Interestingly, the survey found a difference of opinion between physicians who smoke and those who do not.  Only 57% of physicians who smoke stated ‘smoking’ as the most harmful activity for their patients, compared with 73% of non-smoking physicians, suggesting that some physicians who smoke may be underestimating the harmful effects of smoking. 

Though a significant percentage of physicians say they discuss smoking with their smoking patients on every visit, or occasionally, their discussions generally focus either on repeating widely available public health messages or information gathering rather than actually facilitating quitting. Only 47% help the smoker develop a plan to quit, 39% recommend an over-the-counter (OTC) medication and 29% prescribe a prescription medication.

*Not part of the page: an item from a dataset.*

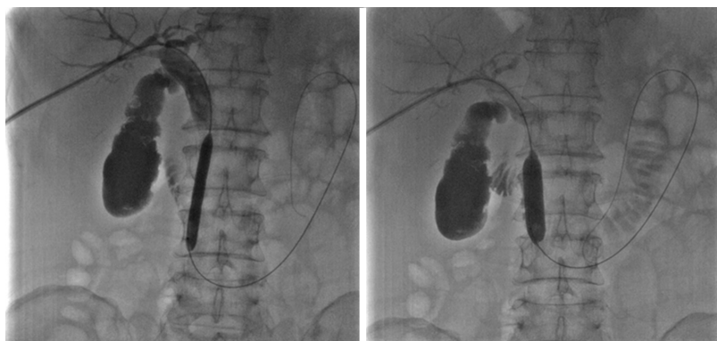
Figure 2 Sequential dilation of the sphincter of Oddi with an 8 mm × 60 mm and a 14 mm × 40 mm balloon.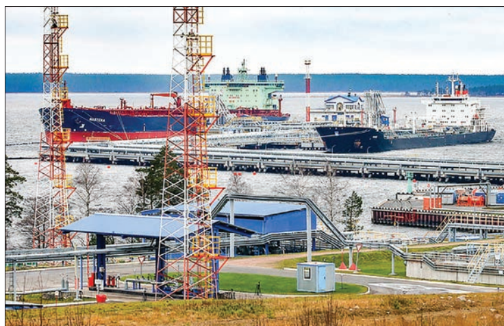
Primorsk Port is the largest Russian oil loading port on the Baltic Sea and the endpoint of the Baltic Pipeline System.

PRIMORSK — Russia’s oil pipeline company Transneft has dispatched one billion tonnes of liquid hydrocarbons (oil and diesel fuel) for export via Primorsk Port in Russia’s north-west since loading its first tanker in 2001.

North American doctors are more proactive with 76% helping the smoker to develop a plan to quit and 57% prescribing a medication, compared with 43% and 21% respectively in Europe.   

The vast majority of doctors understand why quitting smoking is so difficult. Nearly all agree that smoking is an addictive behaviour and 81% consider it a chronic, relapsing medical condition. Indeed, 71% agree that smoking should be classified as a medical condition and 64% believe that if this were to happen, it would encourage more smokers to quit. 

‘To successfully combat deaths caused by smoking, everybody, both physicians and non-physicians, needs to reframe how we talk and think about smoking,’ said Professor
Serena Tonstad, Department of Preventive Cardiology, Ulleval University Hospital, Norway. ‘Smoking is not a manifestation of a weak will or character, but a chronic relapsing medical condition caused by tobacco dependence. Many smokers may require medical treatment for this condition, because most smokers are addicted to inhaled nicotine.  This addiction ultimately takes the life of one out of two smokers prematurely.’

When asked what would make it easier for them to help smokers to quit doctors were very clear.They agreed that they want more effective medication (81%), additional coaching on how to communicate and motivate smokers to quit (78%), and more widely pub-licised smoking cessation success rates (77%).

Professor Williams said that by 2010, the WHO estimates that the annual global cost of tobacco-related illness will be ¤407 billion. ‘The number of Europeans dying from CVD due to smoking rose by 13% from 1990–2000. Although smoking has declined in many European countries, the rate of decline is now slowing. It is quite clear that in certain regions of Europe, particularly Eastern Europe, smoking rates are continuing to rise so I do not expect that the numbers dying from cardiovascular disease attributable to smoking will fall until new strategies begin to bite.’
The WHO estimates that under 5% of smokers who try to quit unaided manage to remain abstinent at one year. The physician has an important role to play as a ‘partner’ in helping patients quit, as well as providing professional advice and treatments to overcome tobacco dependence.

Professor Andrew Pipe, University of Ottawa Heart Institute, Canada, said that 86% of people in the EU are in favour of smoking bans in offices and other indoor workplaces, with 61% in favour of smoking bans in bars or pubs.  Support is highest in countries where a ban has been implemented for more than one year, such as Italy, Sweden and Ireland.

‘We are facing a Tsunami of preventable disease in years to come.  It is so huge as to be almost incomprehensible,’ said Professor Pipe. ‘The evidence is quite clear, in Europe as elsewhere, that there is a huge burden of unnecessary morbidity and mortality which is produced by addiction to nicotine.’